While bank stocks can hardly be said to have had a bad year in 2020, they did lag much of the rest of the market. However, they ended the year strong thanks in no small part to the Federal Reserve. On Dec. 18, the central bank announced the banking sector's clean bill of financial health following the latest round of stress tests.
The Fed has given banks the green light to loosen up from their defensive crouch. Consequently, bank stocks may be poised to enjoy a strong first quarter.
Buybacks back on the menu
The Fed's Dec. 18 comments on the state of the banking sector did more than affirm the central bank's confidence in the overall health of the industry. It also officially cleared the way for banks to recommence stock buybacks, as Benzinga reported the day after the announcement:
"The decision was part of the Fed's stress-testing of banks amid the economic uncertainty of the pandemic. The board, seeing healthy capital reserves among the banks, passed the 33 firms it tested while also allowing them to restart limited share repurchasing. Such purchases had been paused earlier in the pandemic."
Investor optimism, buoyed by the Fed's decision, helped to lift bank stocks in the final days of 2020. On Dec. 21, the first trading session following the Fed's Friday announcement, bank stocks climbed across the board despite broader market weakness.
Several banks were quick to take the Fed up on its offer. On Dec. 18, JPMorgan Chase & Co. (JPM, Financial) announced that its board had approved up to $30 billion in repurchases. However, remaining Fed-imposed limits will likely prevent JPMorgan from buying back that much stock in 2021. Even with such restrictions still in effect, banks will be able to indulge in extensive buybacks. Still, buybacks by the nation's six largest banks could approach $11 billion in the first quarter alone, according to Bloomberg.
Unsurprisingly, Wall Street analysts considered a buyback restart to be a positive catalyst for bank stocks. On Dec. 21, Erika Najarian, an analyst at Bank of America Corp. (BAC, Financial) observed that JPMorgan's announcement was likely just the beginning, as other banks were bound to follow suit in short order.
Bank stock rally may have legs
Bank stocks have continued to bubble up on the back of buyback hopes. Investors who lacked exposure to the banking sector during the recent rally may not have missed the boat entirely, however. On Jan. 4, Barclays (LSE:BARC) offered its latest update on bank stocks. According to a team of analysts led by Jason Goldberg, the Fed's relaxation of capital restrictions should give banks' growth prospects a sustained boost:
"Following an expected 30%-plus decline in EPS at the median bank in 2020, we believe over 50% growth is possible over the next two years."

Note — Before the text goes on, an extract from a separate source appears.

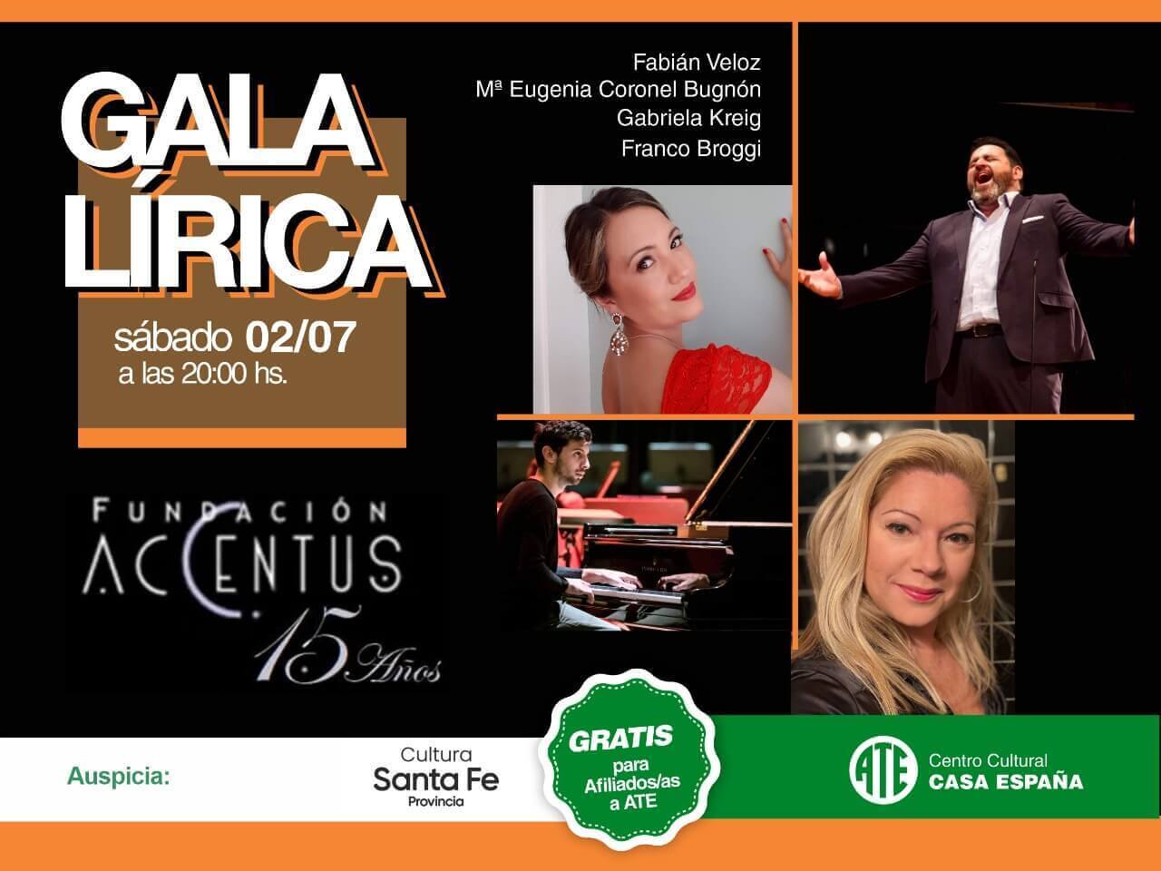 El sábado 2 de Julio a las 20:00 hs en la Sala Mayor del Centro Cultural ATE Casa España (Rivadavia2871), se podrá disfrutar de una excepcional Gala Lírica al celebrarse el 15º Aniversario de Fundación Accentus. Se contará con la presencia del destacado barítono argentino, Fabián Veloz junto a la Soprano María Eugenia Coronel Bugnon, la Mezzosoprano Gabriela Kreig,y el pianista Franco Broggi.

Barclays expects banks' earnings to rebound significantly in 2021 despite the Fed's plans to keep interest rates near zero. According to Barclays, reduced loan loss provisions will be the key driver of earnings growth. The analysts also believe that banks, having returned to a growth footing, will see earnings multiple expansion driven by growing tangible book values.
While most banks should be set to benefit from these sector-wide tailwinds, Barclays singled out three names as particularly strong investment candidates worthy of an upgrade to an "overweight" rating:
- Morgan Stanley (MS): Price target raised from $60 to $88; 47% upside from last week's close.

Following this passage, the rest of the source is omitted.